Tuesday, November 13, 2007

The Great Joni Mitchell Cover-up

A rant, a rant and a rave tonight.

And to get to those items faster, I'll dispense quickly with the obligatory apologies for taking so long to blog. As I said last time, this is crazy time in the life of any photographer, the holidays just around the corner, and I've been a tad busy. This past weekend, for instance, I shot seven portrait jobs. Like I said, a tad busy.

Now that's we're clear on that, on to rant number one.

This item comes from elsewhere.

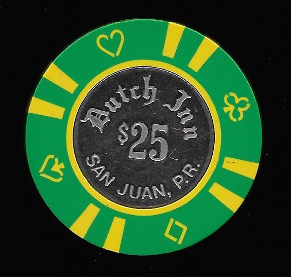 | 27. | Dutch Inn San Juan Puerto Rico, 25.00 Green chip, 4 suits yellow inserts, coin center
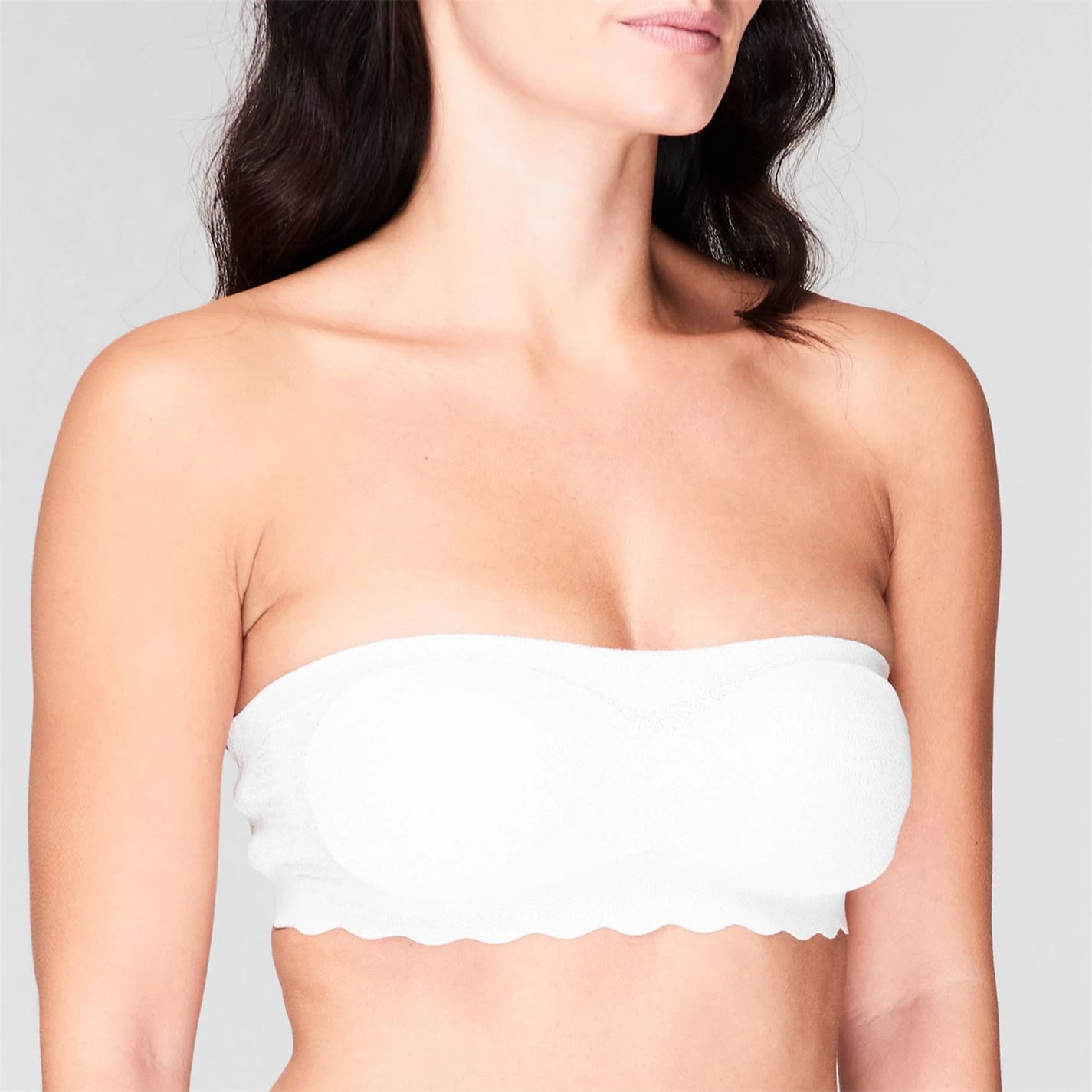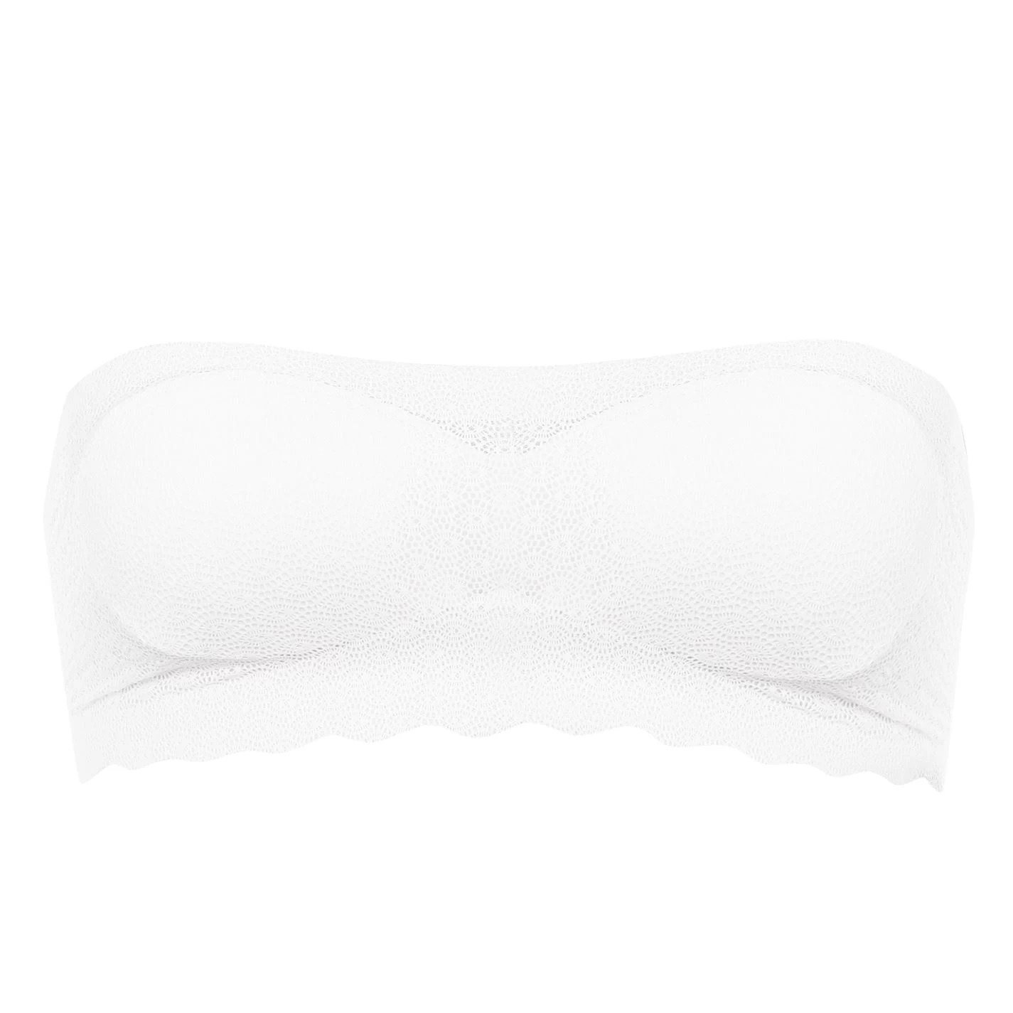 Upgrade your wardrobe with this beautiful lace bandeau bra without under-wire, this top is comfortable and almost invisible as it has no visible lines. The seamless processing of the material prevents annoying rubbing and the removable pads emphasize the natural shape thanks to the stretch material that also has no back fastening.

Many of you know that I'm a bit of a Joni Mitchell nut. To say that I consider Joni to be a part of my family--as odd as that sounds--would not be a stretch. I've listened to Blue so many thousands of times in the past 25 years that I sometimes think I'm the one who needs a river to skate away on. Like a security blanket, Joni is always there for me. From Hejira's Coyote (love that Bay of Fundy) to Turbulent Indigo's Magdalene Laundries, I've stayed true. None of this fair weather stuff. (That great scene in Woody Allen's Stardust Memories, where the space aliens tell him that they love his films--"especially," says the martian, "the early funny ones.") Nope. I've been with Joni for the long haul.

Now, friends can be hard on a lifelong Joni fan. You get teased in ways that, say, a lifelong Bruce Springsteen fan might not. One friend who shall remain nameless, unless, of course, you've read my last blog entry, has accused me of listening to "mopey chick music." Fair enough. Coupled with my love for Aimee Mann and Nanci Griffith and Gillian Welch (the mopiest of them all--Maya once attempted to throw herself from the car when Gillian started singing The Revelator) I guess I can see the argument. But Joni isn't really mopey at all. I mean, how could you not love someone who can write like this:

I met a redneck on a Grecian Isle/ He did the goat dance very well/ He gave me back my smile/ But he kept my camera to sell.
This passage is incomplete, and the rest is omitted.